The reason I bring all this up is because our doorbell MAY have been rung at 6:15 this morning. I woke up from a solid sleep next to my snoring husband. I waited to see if I’d hear the sound again, but to no avail. I shook Brett awake.
“Did you hear the doorbell?” I asked anxiously.
“Ghnoring blascanman,” he said lightly.
“I think I heard the doorbell,” I fretted, wringing my hands, totally awake and feeling guilty.
“What time is it?” My husband muttered something unintelligible before resuming his snoring.
I snuck out of bed and tiptoed to the laundry room window which overlooks our front door. I peeked over the window, but I didn’t see anyone.
I climbed back into bed. “Maybe it was just the garbage truck. It kind of dings back and forth when it moves down the street. Besides, who would ring the doorbell at 6:15 in the morning? I mean, who!”
Besides a twisted, sadistic gunmen who might be a neighbor.
Still, I remained sitting up in bed. I felt guilty. What is someone had been out jogging and was being chased by a gun-toting, one-armed man? What then? Had I shirked my duty?
My husband was distracted by me sitting ramrod straight in bed. He leaned to one side and considered me out of one sleepy eye. “Are you okay, hon?”

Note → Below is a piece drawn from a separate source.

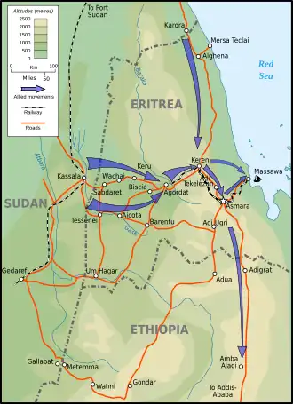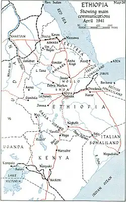 Hostilities began on 13 June 1940, with an Italian air raid on the base of 1 Squadron Southern Rhodesian Air Force (237 (Rhodesia) Squadron RAF) at Wajir in the East Africa Protectorate (Kenya). In August 1940, the protectorate of British Somaliland was occupied by Italian forces and absorbed into Italian East Africa, which lasted around six months.[54] Anthony Eden, the Secretary of State for War, convened a conference in Khartoum at the end of October 1940 with Selassie, South African Prime Minister Jan Smuts, Wavell, Lieutenant-General William Platt and Lieutenant-General Alan Cunningham. A plan to attack Italian East Africa, including support for Ethiopian resistance forces, was agreed.[55] General Wavell, commander of British troops in the Middle East, charged Colonel Sandford to make plans to aid and mobilize the Ethiopian patriots.[56][57]

“Just worried about that stupid doorbell,” I confided.
“It’s okay, baby.” He patted me knee. “It was probably just in your dream.”
“Right! Right!” I got comfortable once again and tried to drift back off to sleep. In the back of my mind, I saw all the people who could have been up and ringing doorbells at 6:15 and decided that if it had been that important, they would have rung more than once.
So, if it was you, I’m sorry I didn’t answer the door. But, word of advice, always call before you stop over.
I like my face the way it is too much to risk it, even for you.